→ **WORK INSTRUCTIONS**: With the pictures omitted, write out the entries that follow exactly as they stand.

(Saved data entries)
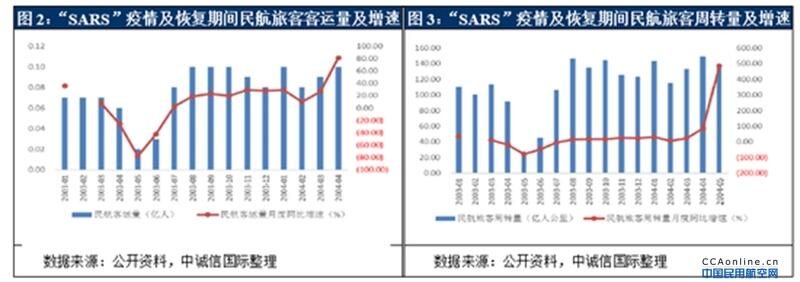 “非典”之前的2003年一季度,中国民航运输总周转量、旅客运输量和货邮运输量同比分别增长17.8%、14.1%和15.1%。但在“非典”发生后的4月20日以后,民航旅客运输量开始大幅下降,当月我国民航完成旅客运输量0.06亿人次,旅客周转量91.37亿人公里,同比分别下降25.7%和17.1%。与2020年春运处理疫情类似,2003年中国取消五一小长假,严重影响了国内外旅游市场,大量航班遭取消,亚太地区旅客周转量同比下降50%,可用座位公里同比下滑40.7%。2003年第二季度,中国民航旅客运输量同比下降48.9%,其中5月份下降78%;载运旅客人数同比减少约1,000万人,损失运输收入近100亿元。根据航司财务报表,2003年前三季度,中国国航(7.750, -0.14, -1.77%)、东方航空(4.710, -0.14, -2.89%)和南方航空(5.970, -0.12, -1.97%)累计亏损分别为8.2亿元、11.93亿元和7.83亿元。至2003年9月,全球客运周转量首次恢复正增长,由此全球航空业基本走出非典影响,历时8个月。
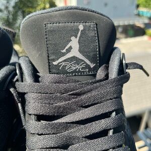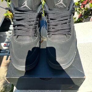 Classic Air Jordan 4 silhouette in all black. Sleek nubuck upper with tonal detailing. Iconic Jumpman logo on the tongue. Clean, versatile look for everyday wear.
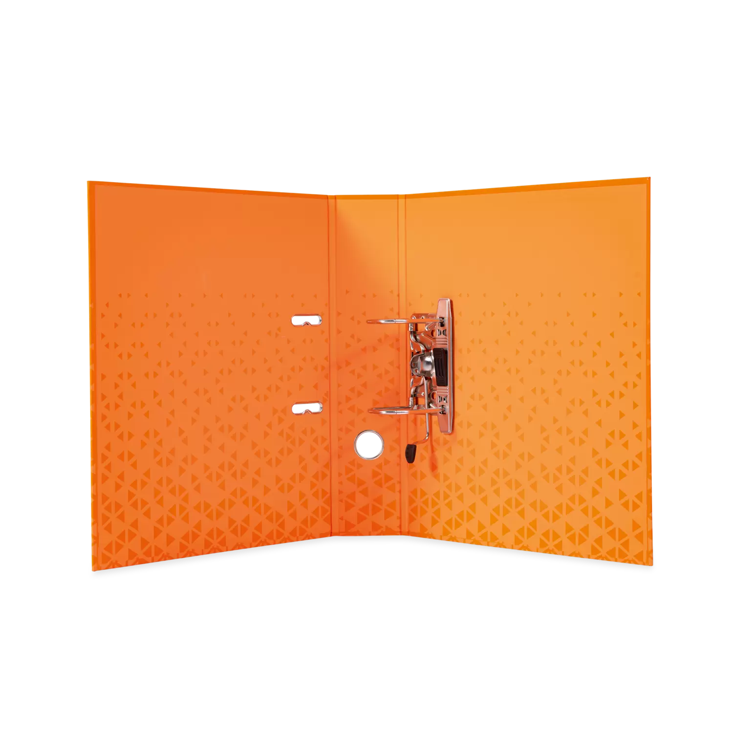 De nieuwe ordner "Color" in de kleur oranje voor documenten in het formaat DIN A4 is een absolute must-have voor iedereen die waarde hecht aan stijl en organisatie. Deze ordner is niet alleen functioneel, maar ook een echte blikvanger. Bijzonder is het met lak afgewerkte oppervlak, dat een uniek softtouch-gevoel geeft. Een groot aantal kleine driehoekige patronen is voorzien van hoogwaardige lak, wat de ordner een stijlvolle en moderne look verleent. Naast het uiterlijke aspect overtuigt de ordner ook door zijn praktische eigenschappen. Hij biedt voldoende plek voor documenten in DIN A4-formaat en zorgt ervoor dat deze veilig en geordend kunnen worden bewaard. Dankzij het zeer stevige materiaal heeft de ordner een lange levensduur en kan tegen een stootje.
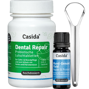 Probiotika von Casida® enthalten jeweils spezifische Bakterienstämme für die Gesunderhaltung der Mundflora, der Darmflora oder der Blasenschleimhaut. So enthalten die Dental Produkte schützende Bakterienstämme, die das Zahnfleisch pflegen und Zahnfleischproblemen vorbeugen. Die enthaltenen Mikroorganismen unterstützen das Gleichgewicht der Mundflora, die durch Rauchen, Stress, Antibiotika-Therapien oder eine zuckerreiche Ernährung gestört wird. Der Probiotika Komplex hingegen enthält Bakterienstämme speziell zur Unterstützung einer gesunden Darmflora. Ein gesunder Darm spielt eine zentrale Rolle für das allgemeine Wohlbefinden und das Immunsystem. Mit den nützlichen und gesundheitsfördernden Mikroorganismen des Probiotika Komplex wird der Aufbau der Darmflora unterstützt – besonders auch bei Störungen des Magen-Darmtraktes und nach Antibiotika-Einnahme.
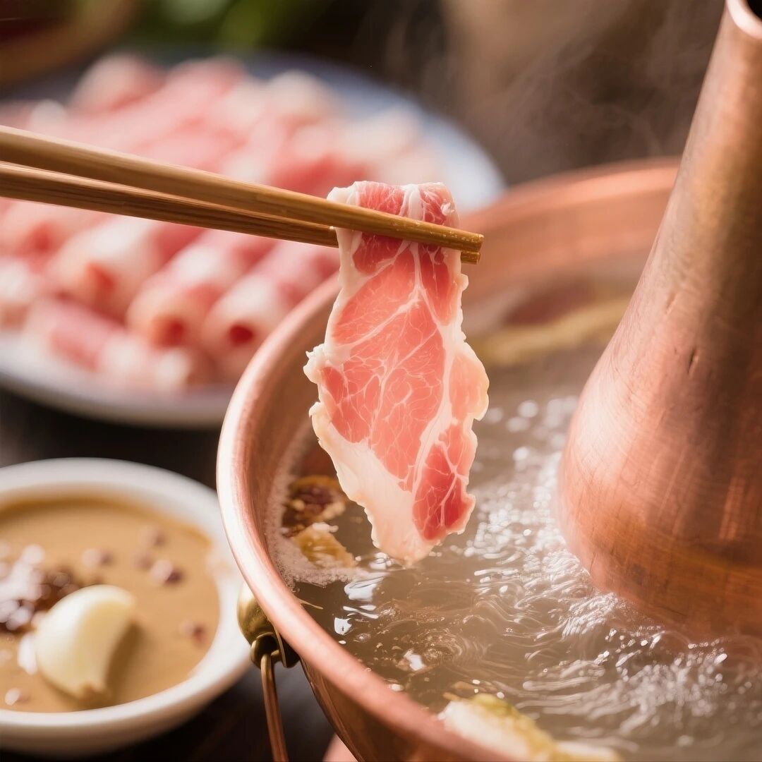 北京的羊肉大多来自内蒙古,每年冬季都是享用内蒙羊肉的最佳季节。正宗北京涮羊肉讲究使用手切鲜羊肉,尤以回民师傅的手艺最佳, 讲究“薄如纸、匀若浆、齐似线、美如花”,好的羊肉片必须是刀工齐整、轻薄不散,能做到涮到锅里无异味、无血沫,即使不沾酱料也鲜甜无比。
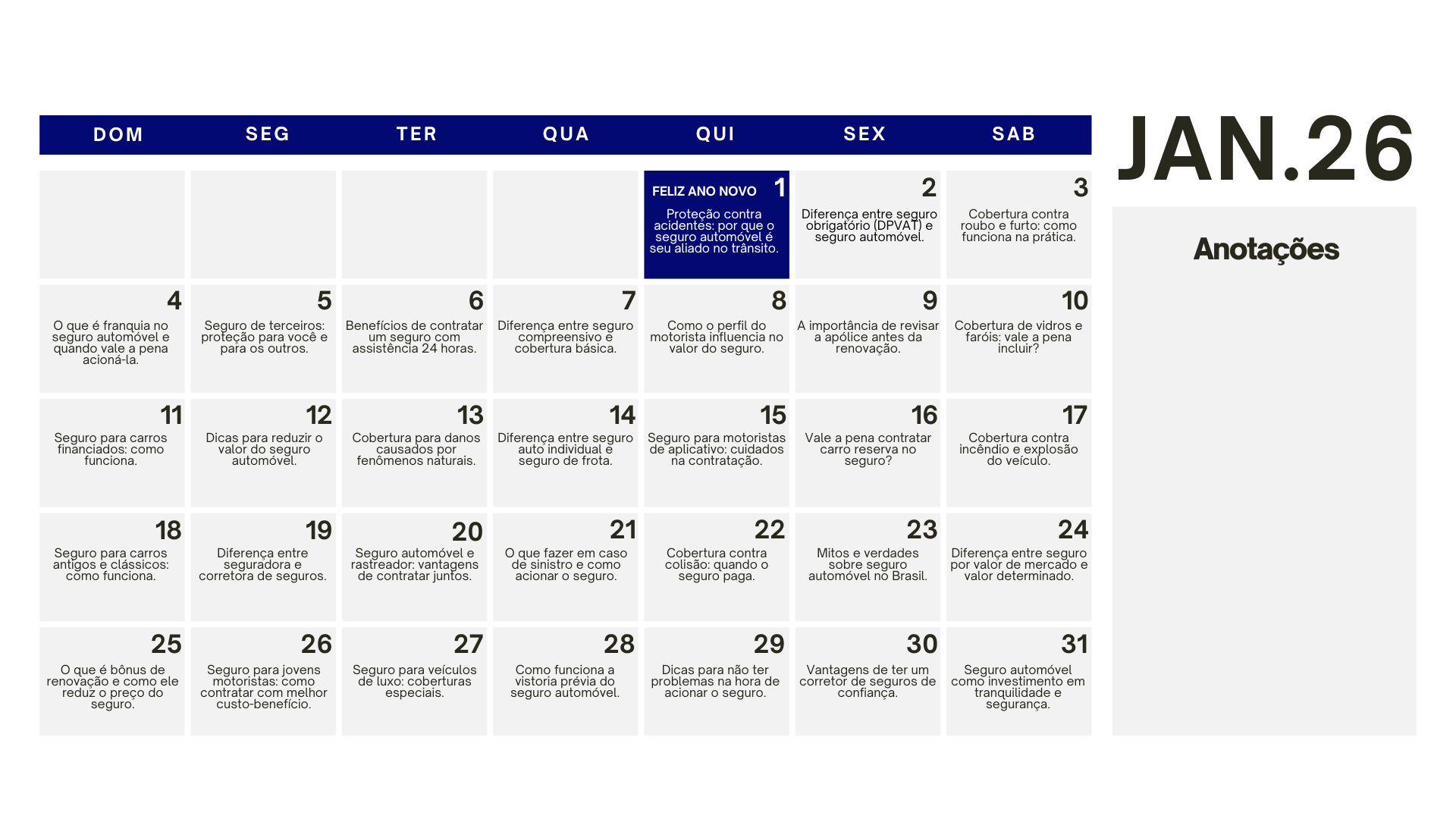 packs do Combo SEGUROS já acompanham um calendário exclusivo com ideias de conteúdo para todos os dias de 2026 — totalmente alinhado com o universo de Seguros pensado para facilitar sua rotina de postagens.
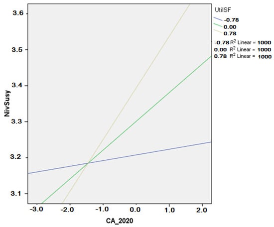 In order to test the moderating role of the relationship between the level of sustainability of companies and their turnover, moderated by the level of the use of the funding sources (Hypothesis H3), model 1 of the Hayes PROCESS macro for SPSS [130,131] was used. We chose the PROCESS macro over SEM because it is a more recent method for data analysis, which provides a graphical description of moderate correlations. In addition, this approach generates a moderate mediation index that indicates whether the study model should be accepted or rejected. All calculations of statistical indicators were performed in SPSS, being calculated: , F test, Coefficients β, Standard Error, t test, p value, Coefficient Effects. In order to sketch and develop the moderation link, a regression function was created which shows that the global regression is statistically significant (= 0.100, F (3, 263) = 9.703, p = 0.000).
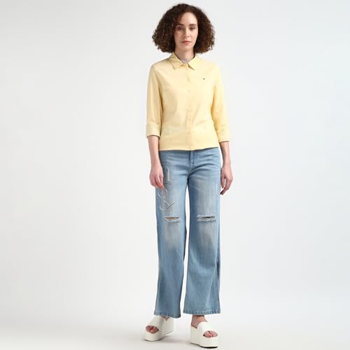 Tommy Hilfiger Yellow Solid Spread Collar Full Sleeve Shirt
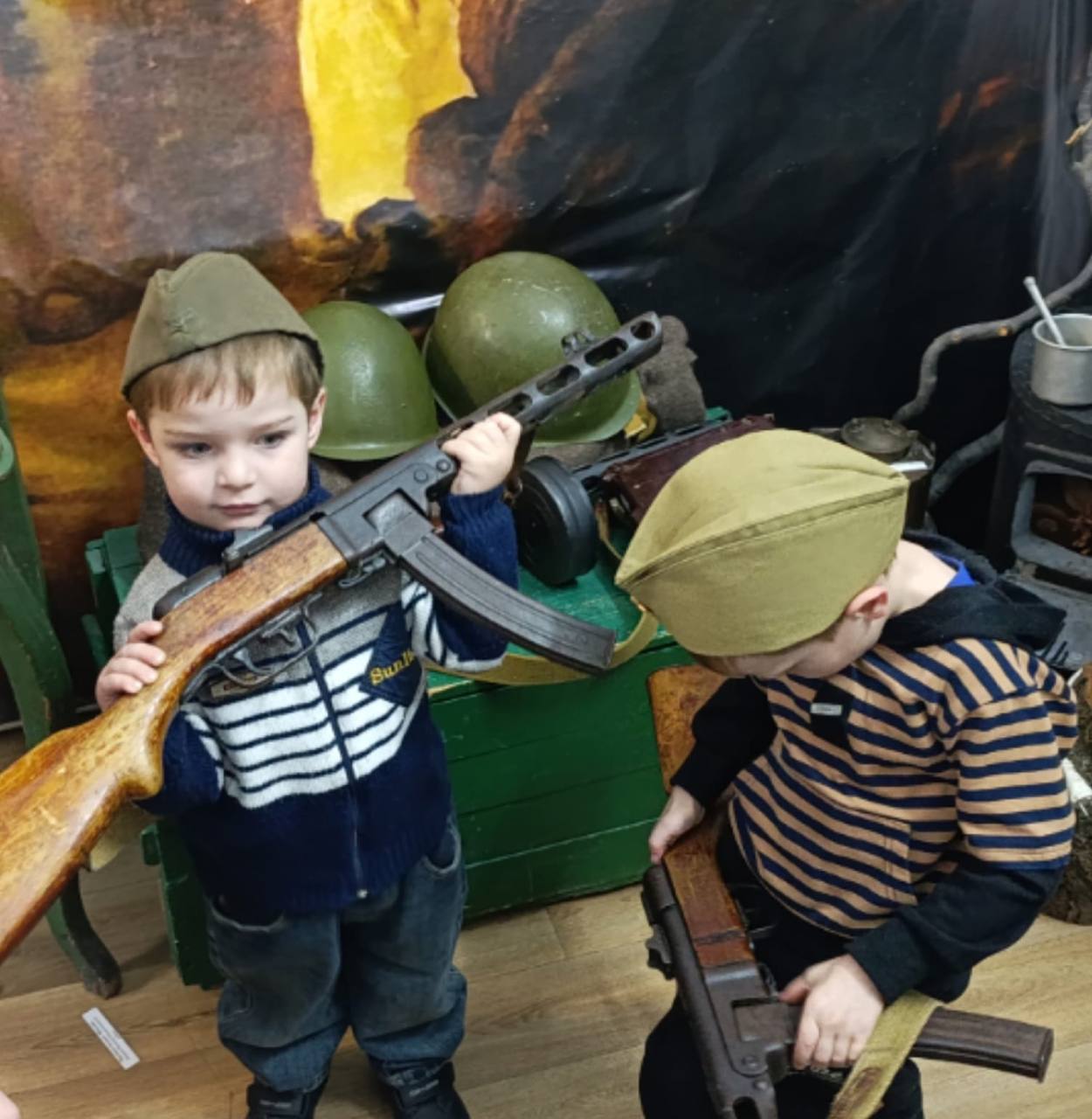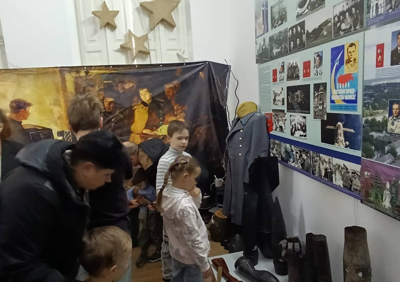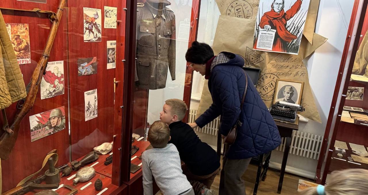 Дети и взрослые с большим интересом слушали рассказ экскурсовода, рассматривали экспонаты. Среди них каски, фляжки, шинель, личные вещи участников Великой Отечественной войны.
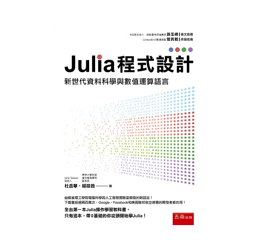 在這樣龐大的熱情以及專業下所誕生的這本教材,相信能成為由淺入深地學習 Julia 這個新興語言的最佳利器:不管是基礎的資料結構、運算,到使用各式各樣的套件完成工作,或是利用漸漸成為程式開發主流的函數式程式設計(Functional Programming)以及Metaprogramming來撰寫高效能的 Julia 程式,本書可說是無所不包。一起來體驗「Python 般的程式撰寫,如 C 般的運算效能」的Julia吧!

→ **REPLY TO THE EXERCISE**:
 “非典”之前的2003年一季度,中国民航运输总周转量、旅客运输量和货邮运输量同比分别增长17.8%、14.1%和15.1%。但在“非典”发生后的4月20日以后,民航旅客运输量开始大幅下降,当月我国民航完成旅客运输量0.06亿人次,旅客周转量91.37亿人公里,同比分别下降25.7%和17.1%。与2020年春运处理疫情类似,2003年中国取消五一小长假,严重影响了国内外旅游市场,大量航班遭取消,亚太地区旅客周转量同比下降50%,可用座位公里同比下滑40.7%。2003年第二季度,中国民航旅客运输量同比下降48.9%,其中5月份下降78%;载运旅客人数同比减少约1,000万人,损失运输收入近100亿元。根据航司财务报表,2003年前三季度,中国国航(7.750, -0.14, -1.77%)、东方航空(4.710, -0.14, -2.89%)和南方航空(5.970, -0.12, -1.97%)累计亏损分别为8.2亿元、11.93亿元和7.83亿元。至2003年9月,全球客运周转量首次恢复正增长,由此全球航空业基本走出非典影响,历时8个月。
 Classic Air Jordan 4 silhouette in all black. Sleek nubuck upper with tonal detailing. Iconic Jumpman logo on the tongue. Clean, versatile look for everyday wear.
 De nieuwe ordner "Color" in de kleur oranje voor documenten in het formaat DIN A4 is een absolute must-have voor iedereen die waarde hecht aan stijl en organisatie. Deze ordner is niet alleen functioneel, maar ook een echte blikvanger. Bijzonder is het met lak afgewerkte oppervlak, dat een uniek softtouch-gevoel geeft. Een groot aantal kleine driehoekige patronen is voorzien van hoogwaardige lak, wat de ordner een stijlvolle en moderne look verleent. Naast het uiterlijke aspect overtuigt de ordner ook door zijn praktische eigenschappen. Hij biedt voldoende plek voor documenten in DIN A4-formaat en zorgt ervoor dat deze veilig en geordend kunnen worden bewaard. Dankzij het zeer stevige materiaal heeft de ordner een lange levensduur en kan tegen een stootje.
 Probiotika von Casida® enthalten jeweils spezifische Bakterienstämme für die Gesunderhaltung der Mundflora, der Darmflora oder der Blasenschleimhaut. So enthalten die Dental Produkte schützende Bakterienstämme, die das Zahnfleisch pflegen und Zahnfleischproblemen vorbeugen. Die enthaltenen Mikroorganismen unterstützen das Gleichgewicht der Mundflora, die durch Rauchen, Stress, Antibiotika-Therapien oder eine zuckerreiche Ernährung gestört wird. Der Probiotika Komplex hingegen enthält Bakterienstämme speziell zur Unterstützung einer gesunden Darmflora. Ein gesunder Darm spielt eine zentrale Rolle für das allgemeine Wohlbefinden und das Immunsystem. Mit den nützlichen und gesundheitsfördernden Mikroorganismen des Probiotika Komplex wird der Aufbau der Darmflora unterstützt – besonders auch bei Störungen des Magen-Darmtraktes und nach Antibiotika-Einnahme.
 北京的羊肉大多来自内蒙古,每年冬季都是享用内蒙羊肉的最佳季节。正宗北京涮羊肉讲究使用手切鲜羊肉,尤以回民师傅的手艺最佳, 讲究“薄如纸、匀若浆、齐似线、美如花”,好的羊肉片必须是刀工齐整、轻薄不散,能做到涮到锅里无异味、无血沫,即使不沾酱料也鲜甜无比。
 packs do Combo SEGUROS já acompanham um calendário exclusivo com ideias de conteúdo para todos os dias de 2026 — totalmente alinhado com o universo de Seguros pensado para facilitar sua rotina de postagens.
 In order to test the moderating role of the relationship between the level of sustainability of companies and their turnover, moderated by the level of the use of the funding sources (Hypothesis H3), model 1 of the Hayes PROCESS macro for SPSS [130,131] was used. We chose the PROCESS macro over SEM because it is a more recent method for data analysis, which provides a graphical description of moderate correlations. In addition, this approach generates a moderate mediation index that indicates whether the study model should be accepted or rejected. All calculations of statistical indicators were performed in SPSS, being calculated: , F test, Coefficients β, Standard Error, t test, p value, Coefficient Effects. In order to sketch and develop the moderation link, a regression function was created which shows that the global regression is statistically significant (= 0.100, F (3, 263) = 9.703, p = 0.000).
 Tommy Hilfiger Yellow Solid Spread Collar Full Sleeve Shirt
 Дети и взрослые с большим интересом слушали рассказ экскурсовода, рассматривали экспонаты. Среди них каски, фляжки, шинель, личные вещи участников Великой Отечественной войны.
 在這樣龐大的熱情以及專業下所誕生的這本教材,相信能成為由淺入深地學習 Julia 這個新興語言的最佳利器:不管是基礎的資料結構、運算,到使用各式各樣的套件完成工作,或是利用漸漸成為程式開發主流的函數式程式設計(Functional Programming)以及Metaprogramming來撰寫高效能的 Julia 程式,本書可說是無所不包。一起來體驗「Python 般的程式撰寫,如 C 般的運算效能」的Julia吧!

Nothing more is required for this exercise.